# Villa-Lobos: Suite Populaire Brésilienne, W020 - I. Mazurka-Choro/IV. Gavotta-Choro



## Liz Hogg (Jan 5, 2017)

Here is my performance of Villa-Lobos: Suite Populaire Brésilienne, W020 – I. Mazurka-Choro/IV. Gavotta-Choro.





I hope you enjoy!
If so, please consider sharing the video and checking out my debut album which features this piece, along with music by Darr, Matiegka, Mignone Krenek and J.S. Bach:
Shop – Liz Hogg


----------



## JCJ (Jan 3, 2008)

Always impressed by the technique and precision of a classical player. Great work, thank you for sharing.


----------



## KapnKrunch (Jul 13, 2016)

Liz, I am not able to connect to your store...

???


----------



## Eric Reesor (Jan 26, 2020)

Well played indeed. Is the score you worked from the original sold to Max Eschig in the 1920s by Villa Lobos? It should have no to very sparse fingerings but very clear dynamic indications and be very easy to study and learn because of no stupid page turns out of sync with repeats the way Hal Leonard and Mel Bay mashup mixed up anthology editions are usually published. You know the 3 pages when it can be done easily in two nonsense of wasted paper.

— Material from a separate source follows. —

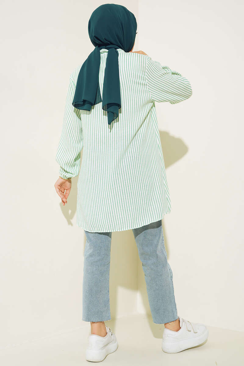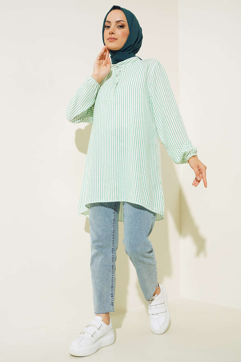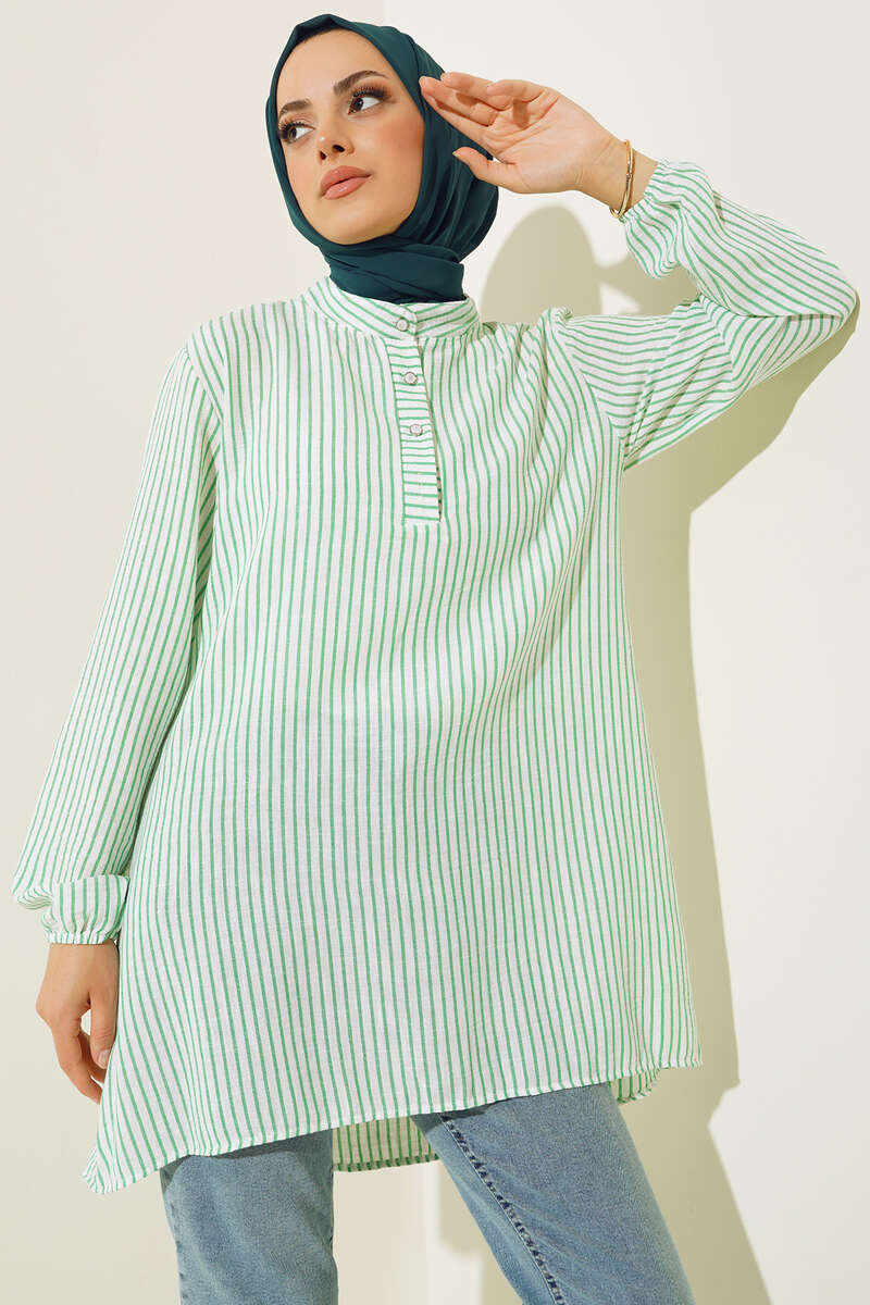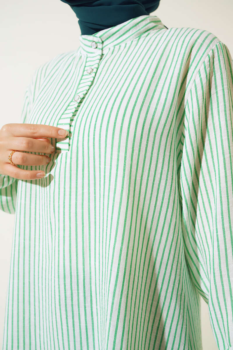 Keten Çizgili Hakim Yaka Düğmeli Tunik Yeşil

I am using only original Fernando Sor editions of his fabulous studies and publications for this very reason, the fewer editorial messes and fingerings or worse inaccurate tablature splattered all over the page the better!

Hopefully the new editions now being distributed exclusively by Hal Leonard are a little better than the crap those jokers having been foisting upon us classical guitarist lately! Suite Populaire Brésilienne - Guitar Solo I have a few of the originals without the crap that has been added by new "owners" of the music, of the first edition original scores proof read and approved for publication by Villa Lobos, including a few of the ones he famously collaborated in the creation of with Segovia. And were first played in concert by both Segovia and his most gifted student Alerio Diaz.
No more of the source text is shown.